Work to be completed: The full listing, written out exactly and without images, is the expected result.

Data below:
■ ■ ■ ■ ■ ■ ■
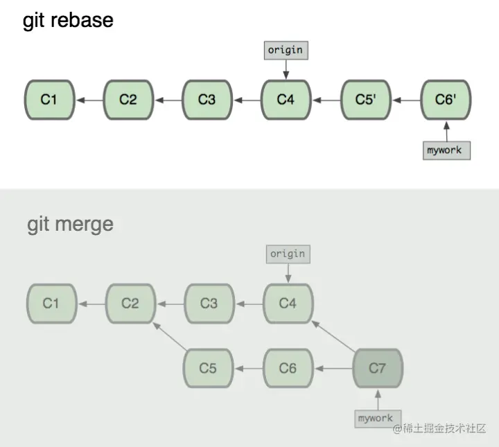 git rebase可以优化提交记录,让提交都在一条时间线上。 - 利用
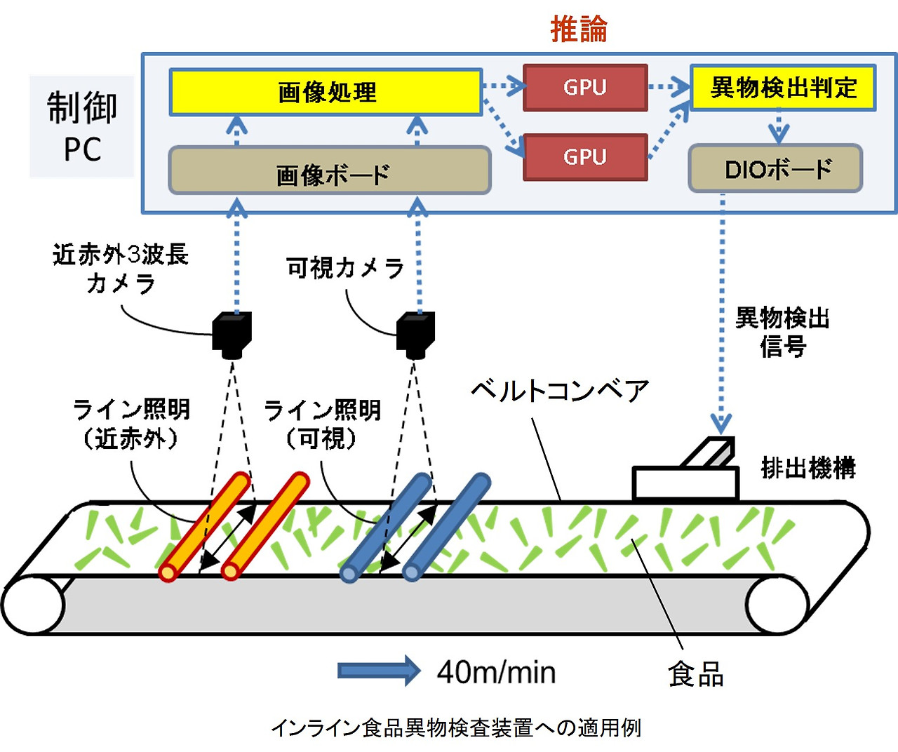 2종류의 카메라(NIR카메라, 칼라 카메라)를 이용한 검사와 각 카메라의 AI(딥 러닝) 검사에 의한 총 4종류의 로직으로 종래에서는 판정 곤란한 이물질을 검출합니다.
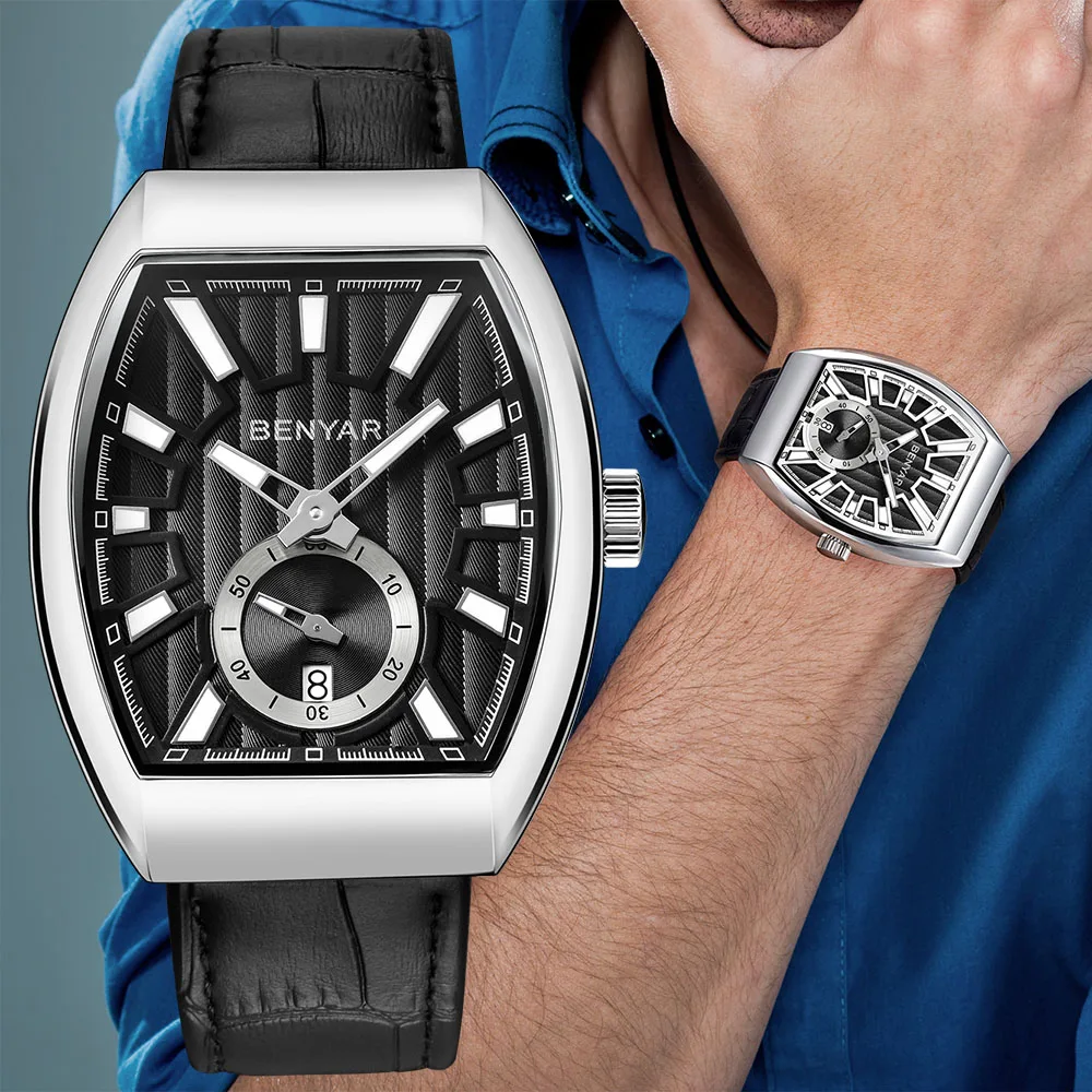 Special Offer Benyar Tonneau Uhr Männer Kleid Uhr Wasserdicht Quarz Echtem Leder Armbanduhr Männer Uhr Männlichen hodinky erkek kol saati Discount 45% Today!
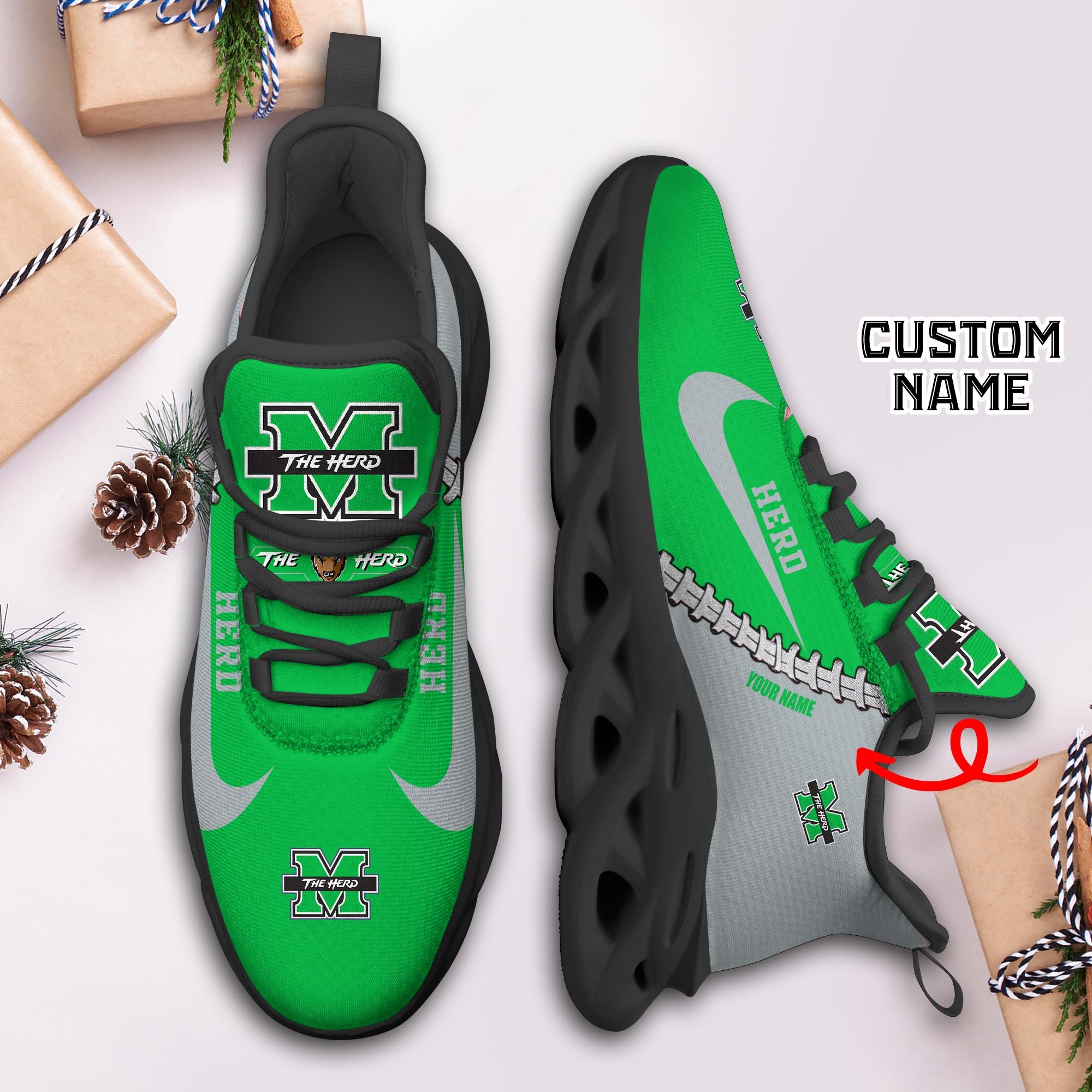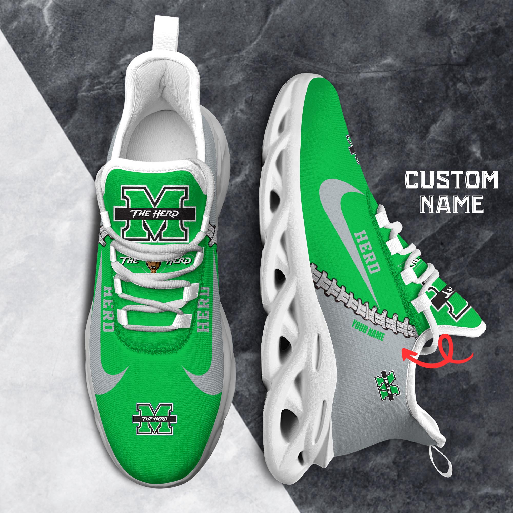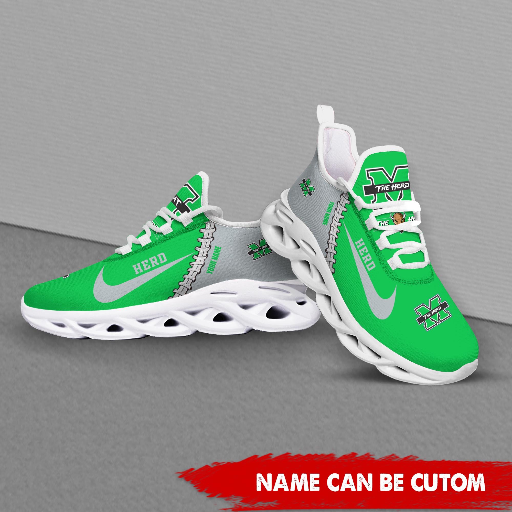 Marshall Thundering Herd Max Soul Shoes Sneakers Printed White And Black Sole For Men And Women
■ ■ ■ ■ ■ ■ ■
Problem solution:
 git rebase可以优化提交记录,让提交都在一条时间线上。 - 利用
 2종류의 카메라(NIR카메라, 칼라 카메라)를 이용한 검사와 각 카메라의 AI(딥 러닝) 검사에 의한 총 4종류의 로직으로 종래에서는 판정 곤란한 이물질을 검출합니다.
 Special Offer Benyar Tonneau Uhr Männer Kleid Uhr Wasserdicht Quarz Echtem Leder Armbanduhr Männer Uhr Männlichen hodinky erkek kol saati Discount 45% Today!
 Marshall Thundering Herd Max Soul Shoes Sneakers Printed White And Black Sole For Men And Women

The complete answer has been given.